I don’t usually go along with the crowd and do things, but today people are blogging about the “ausome” parts of autism. But, the Autism Positivity Project seems pretty cool, and worth breaking my own rules for. See more information at the Flashblog’s page.
That’s probably the first ausome thing – sometimes you need the kid to say, “The emperor is naked!” We often see things differently than others do, and are willing to go against the crowd. Supposedly that’s a deficit, but it’s often a strength too. Too often, leaders end up surrounded by “yes men.” Too often bad decisions could be prevented if only someone would say “NO!!!!”
Another ausome thing is our eye for detail (like how, when I saw the “Ausome Things” Flashblog request, the first thing that stood out in a wall of text was the word “Ausome”). Coworkers used to joke at a previous job that they could pour over a computer screen for hours looking for a bug, but that I would see it instantly. That wasn’t quite true, although sometimes seeing the world differently and being focused on details gave me an advantage in finding the problems. In fact, one of the struggles I’ve had at some jobs is convincing people that if I see a problem, there really is a problem. In the networking world, often badly configured networks seem to sort of work, but “sort of” isn’t the same as “working as they are supposed to work.” I can’t always explain why I know something is wrong, but often with networking, I know something is wrong and know what the fix is. Yet, it can be difficult to try to convince a coworker who expects me to notice problems in the same way he does. Sometimes the problem is obvious to me, just clearly evident. But it’s not to others (I’m sure it works the other way plenty of the time too – hence why we need all types of people). But they don’t see me struggling or working to notice it, so they sometimes think my opinion is unfounded or not based on strong evidence, particularly when I spot something wrong after only a few moments with the networking element and they’ve spent days or years working with it. But, over time, coworkers have learned that, yes, when I notice a problem, it really is broken!

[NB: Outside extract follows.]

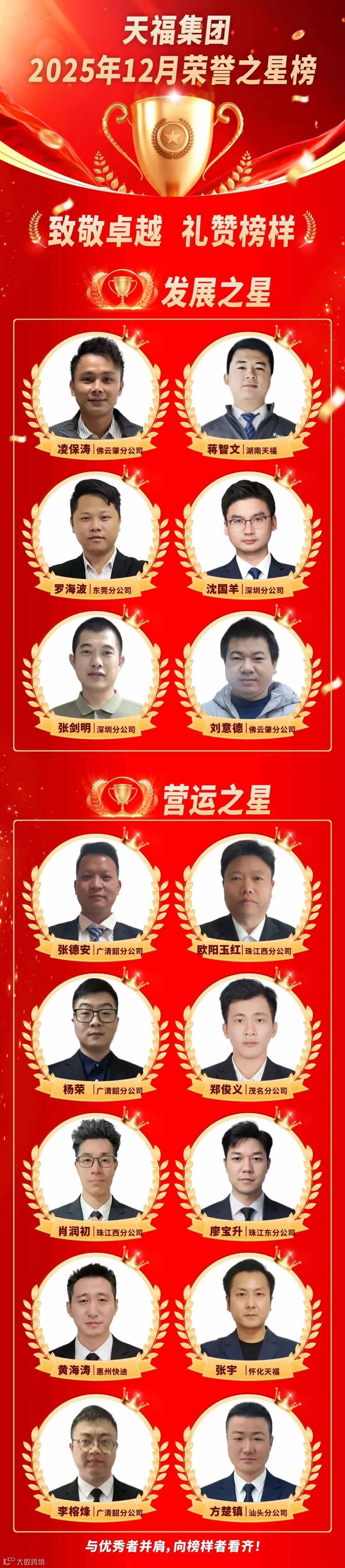 近日,天福集团12月份荣誉之星榜单出炉,为上榜的天福优秀代表点赞!

My wife’s ausomeness is her ability to visualize assemblies. Whereas I might make a mechanical device by trial and error (“Oh, that didn’t work. Let me try this…”), she has a comprehensive design in her head – and sees the strong points and weak points of the design and how forces will impact it, long before she lays her hands on the raw materials for the device. In fact, this is so natural to her that she’s sometimes confused when I explain that I can’t see what she’s trying to explain. I’ve lost count of the times she’s told me or a mechanically gifted neighbor, “I wouldn’t do it that way…” and we’ve went ahead and ignored her advice – only to discover later, when it’s much harder to fix, that, yes, she was right. We just couldn’t see what she saw instantly!
That’s the last ausomeness I want to write about today: our uniqueness. Not only are autistic people different from non-autistic people, but we’re also different from each other. While my wife has amazing mechanical visualization abilities, I don’t. We’re all different from each other, and that includes the ausome things.